I got reply back from hosting.ua support. below is part of the email

from	abuse@hosting.ua
to	nospam@gmail.com,
date	Nov 13, 2007 5:00 PM
subject	Reply: trojan 78.109.19.140.in.hosting.ua #48879

hide details Nov 13 (3 days ago)	

Reply

======== CUT HERE =========
Your support request was answered:

Created: 11.11.2007 1:28:38
Last Mod: 12.11.2007 1:41:30

Assigned To:
admin(Hosting.UA)

[11.11.2007 1:28:38]
Q: hi,
This is for your attention.
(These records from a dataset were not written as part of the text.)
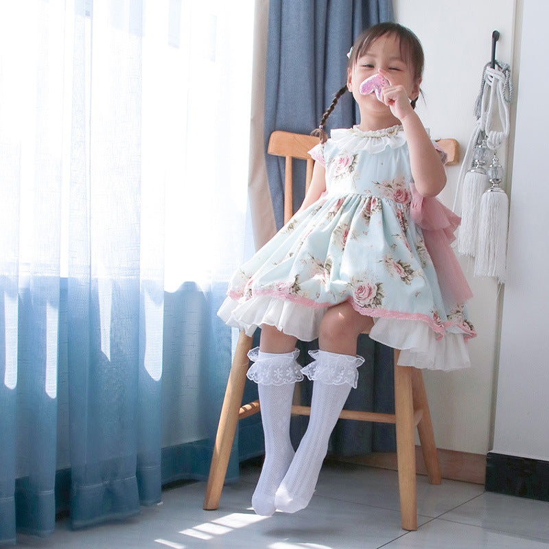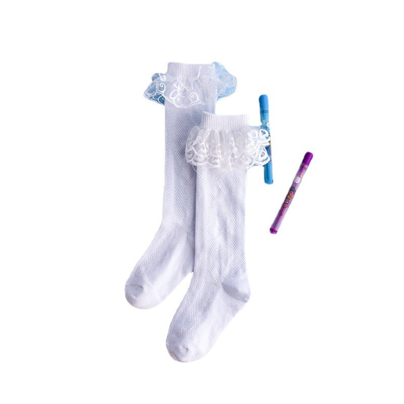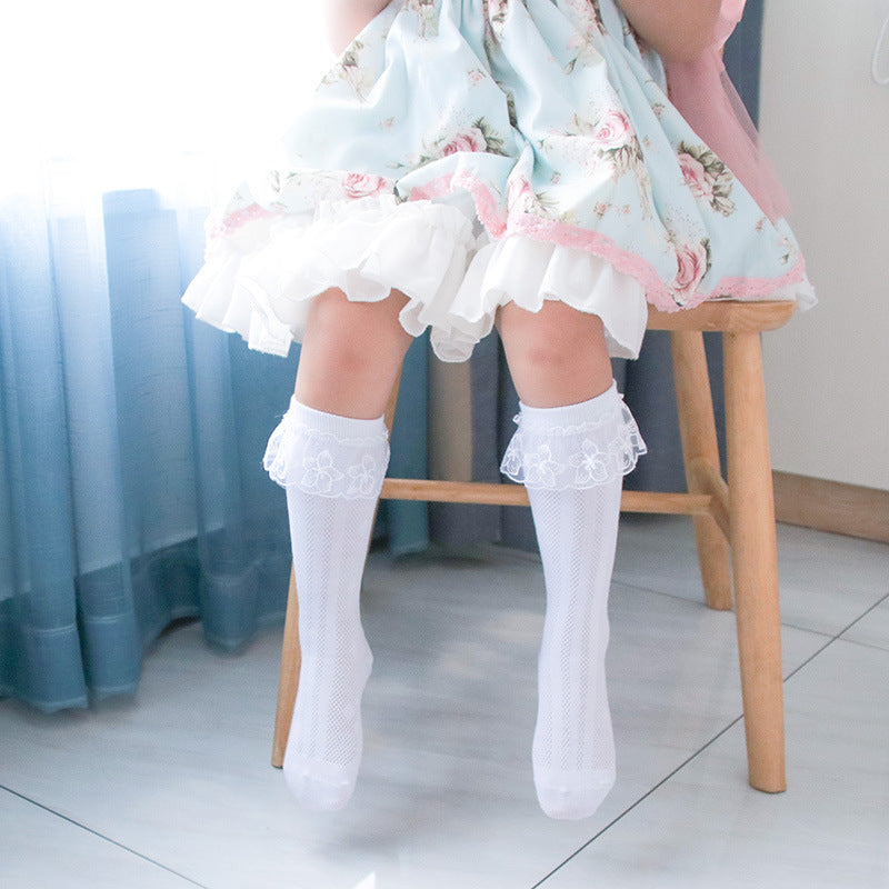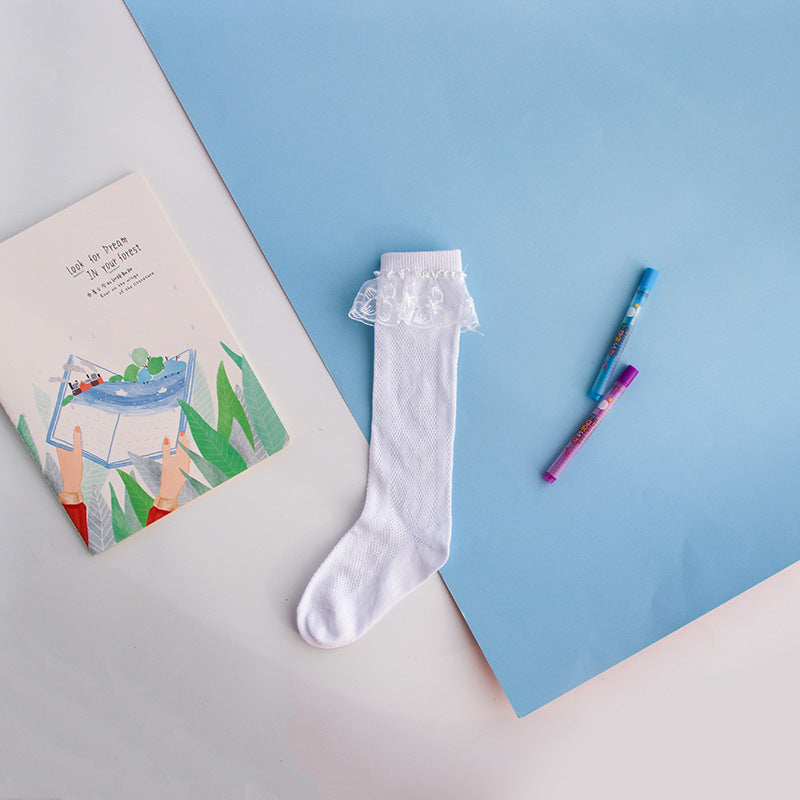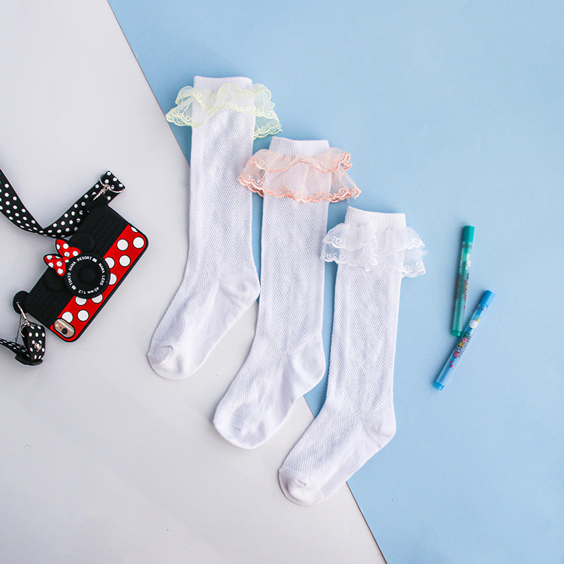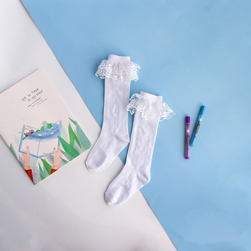 Children's socks spring and autumn thin long tube cotton socks for big children cute princess lace socks lace girls baby socks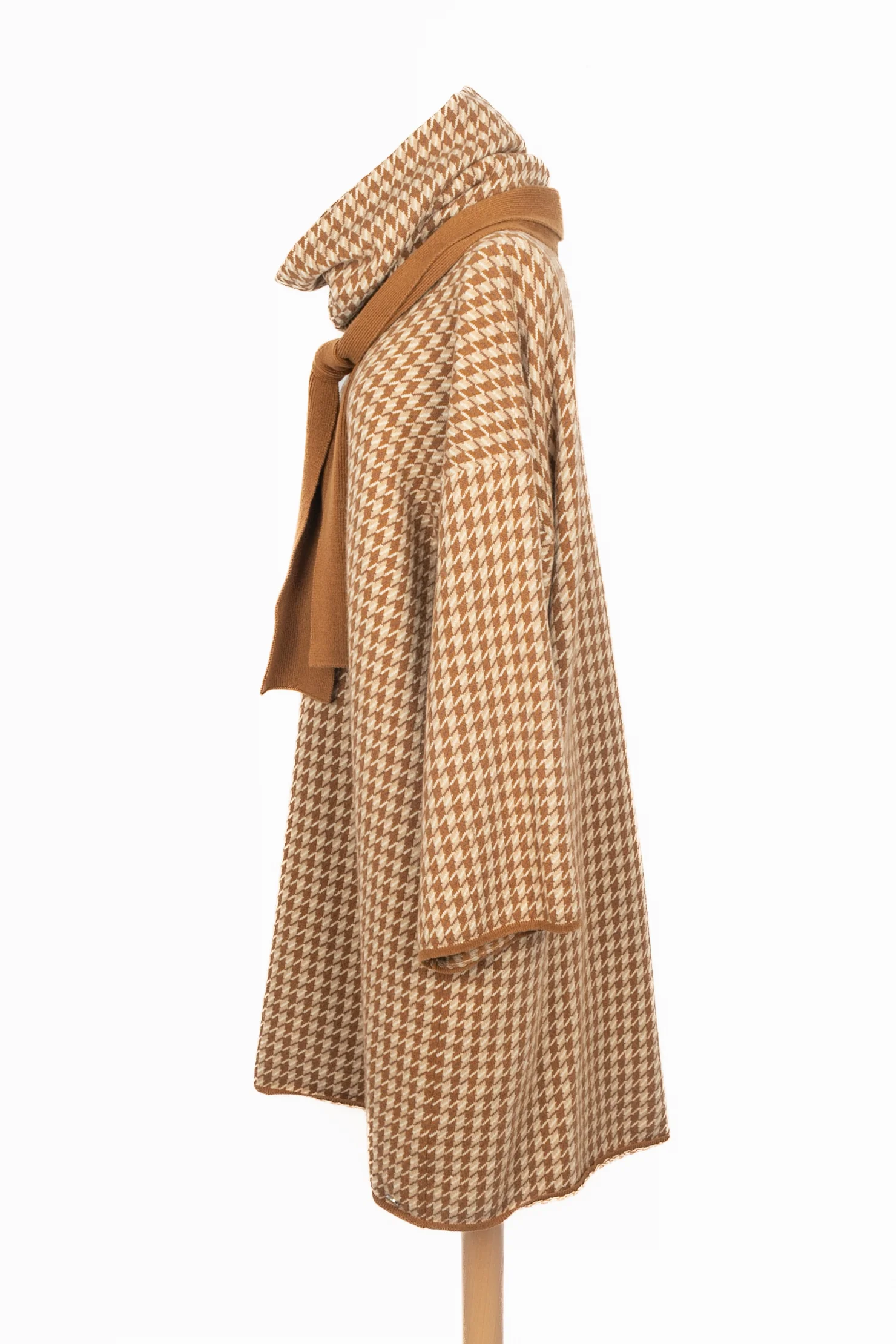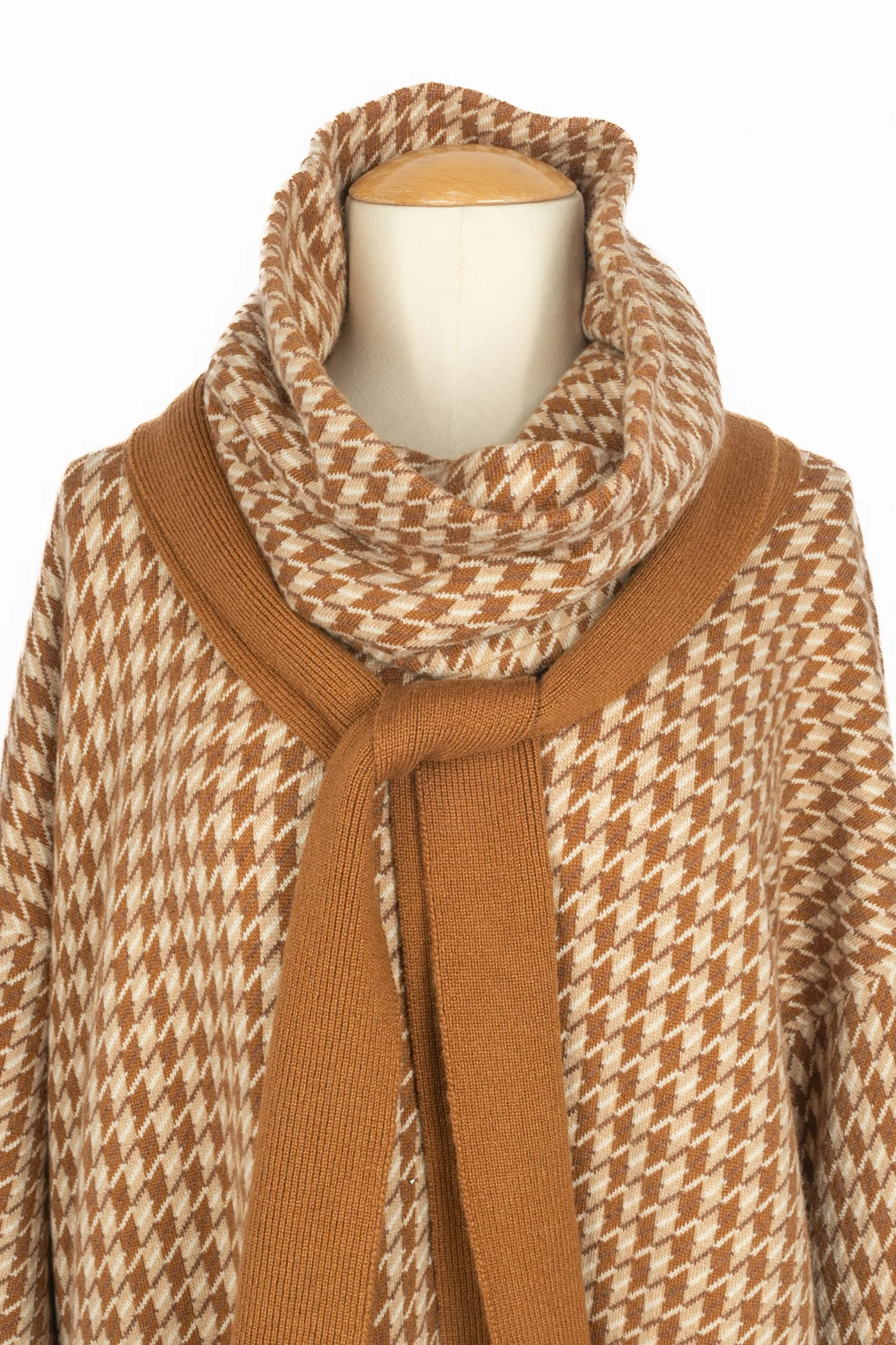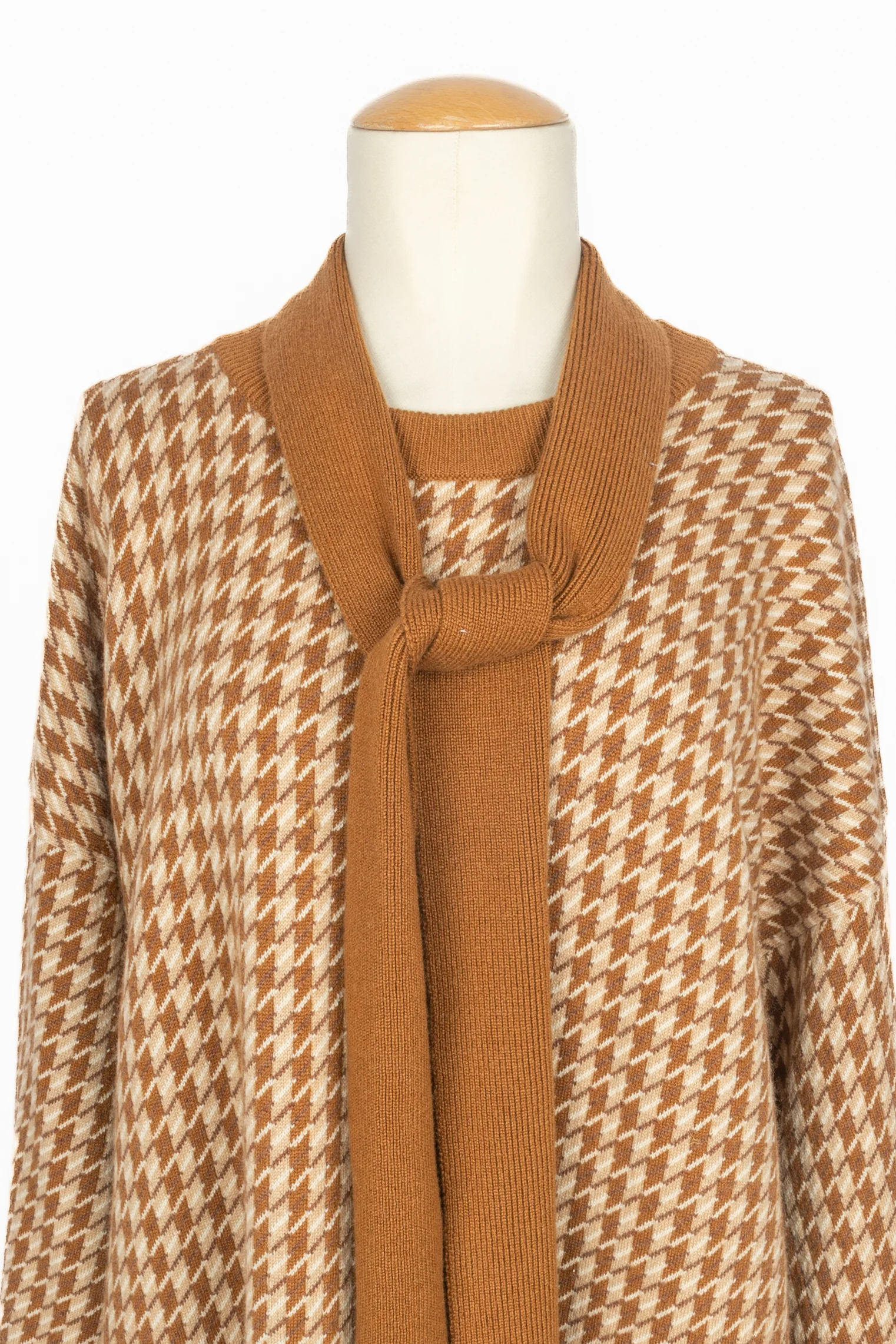 HERMÈS – (Made in United Kingdom) Robe pull en cachemire à motif pied-de-poule dans les tons de beige et de marron. Tour de cou assorti et petite écharpe marron. Taille indiquée 42FR. Collection Pre-Fall 2019 sous la direction artistique de Nadège Vanhee.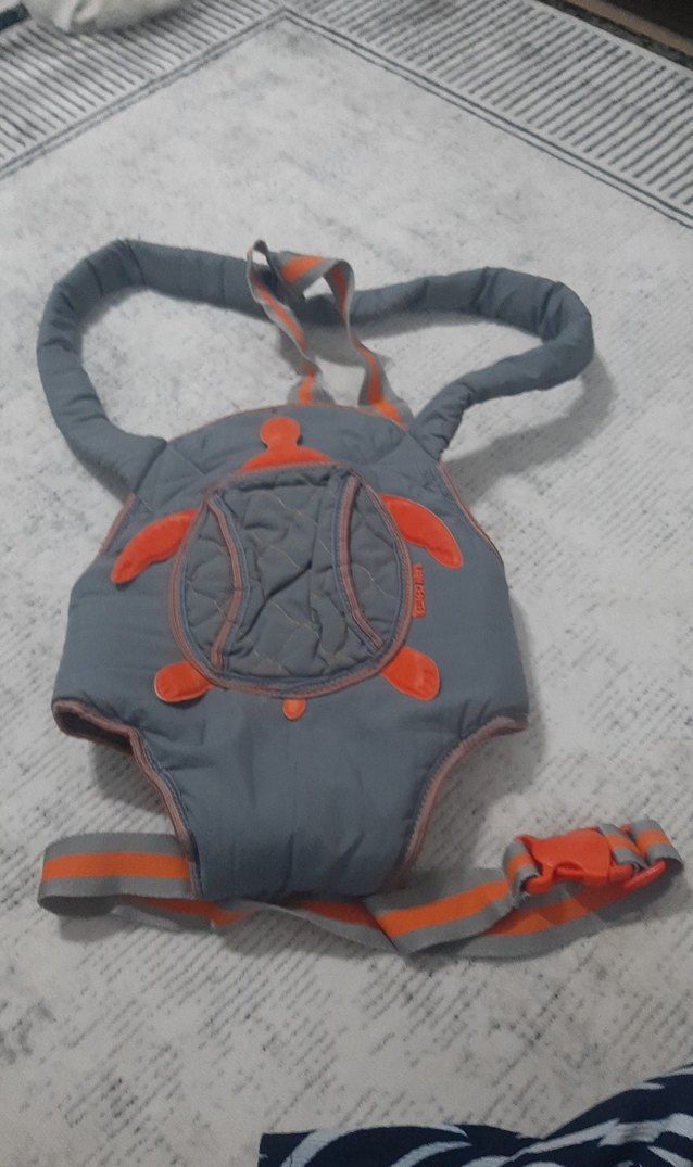 Gri ve turuncu detaylı, ayarlanabilir askılı yumuşak bebek taşıyıcı kanguru. önünde küçük bir cep var resimlerde mevcut sıkıntısız fiyat sondur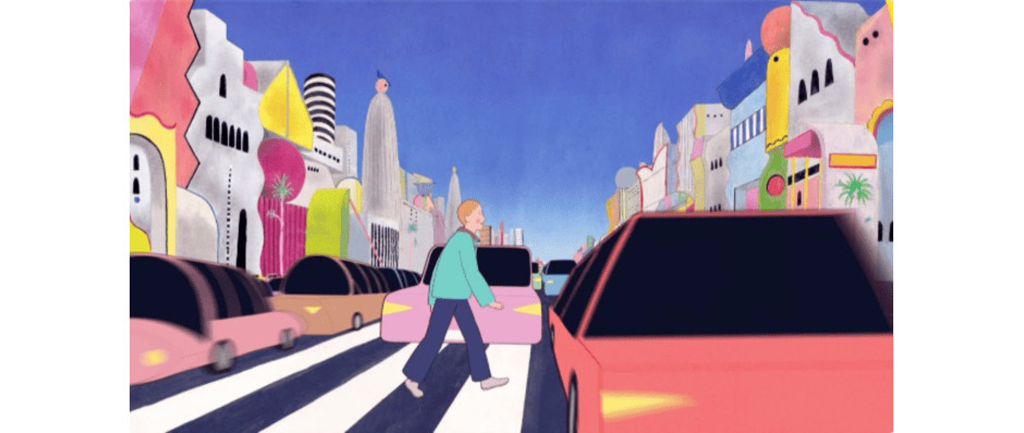 Dans cette véritable jungle urbaine aux couleurs tropicales, on croirait bien voir se dresser des palmiers et des fleurs exotiques imbriqués dans les façades qui, en plus pastel, rappellent les machines de Fernand Léger. Arthur Sevestre convoque ici une animation un peu fabuleuse mise au service de l’ambiance à la fois radieuse et oppressante de sa cité fourmillante. Soudain, une bousculade. Un regard, une étincelle, un peu de considération sincère. Un temps comme suspendu dans cet échange bref entre deux âmes et pourtant plus que signifiant. Ce n’est plus dès lors le grondement citadin qui résonne à nos oreilles, mais bien le cœur du jeune homme, qui dans le sursaut du coup de foudre et après quelques hésitations, se lance à sa poursuite de son bienfaiteur. Ce petit voyage bigarré au cœur de masses humaines cette fois statiques, dont l’élan romantique et enflammé compose une sorte de Où est Charlie grandeur nature, alterne les perspectives et les champs de vision autour d’un personnage devenu acteur de sa propre fortune, qui ne subit plus le mouvement de ses pairs. Il est de ces rêveurs, de ces penseurs exaltés qui savent encore y croire.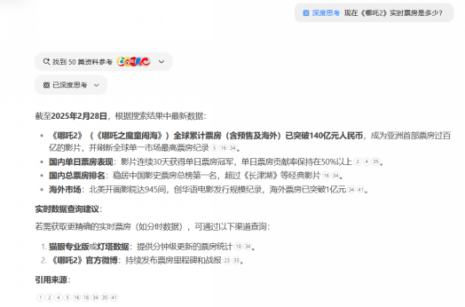 我们选择了一个连系及时数据的测试场景,让用户间接打开网页就能免费用上超厉害的AI功能。”当贝AI凭仗速度上的飞跃、全平易近共享的实惠、生态的普遍融合以及多样化的使用场景等奇特亮点,以验证其联网搜刮和推理能力。用户可通过当贝AI查询及时票房、股票数据等消息,总之,DeepSeek官网的不变性遭到挑和,它激发灵感,可以或许高效且精确地处置分歧类型的问题。文科问题是:“一个汉字具有摆布布局,也不消下载一堆工具,间接输入问题就能获得谜底,正在AI市场,它帮力撰写方案、制做演讲和阐发数据,以查验当贝AI的响应速度和精确性。这表白当贝AI的DeepSeek-R1满血版正在现实利用中表示优异,我们通过联网搜刮功能扣问当贝AI关于《哪吒2》的及时票房数据。

I got a trojan in pc it routed back to one of
your hosting at *78.109.19.140.in.hosting.ua *

I hope you can do something about it.

Thank you
-------------------------------------------------------

[13.11.2007 11:00:08]
A: Fixed!

thx
www.Hosting.UA

-------------------------------------------------------
Hosting.UA Administration

Well there is no explaination about the issue from the support staff.  hope this site will be closed down for good. Google already blocked and place a warning when you search for the infected URI.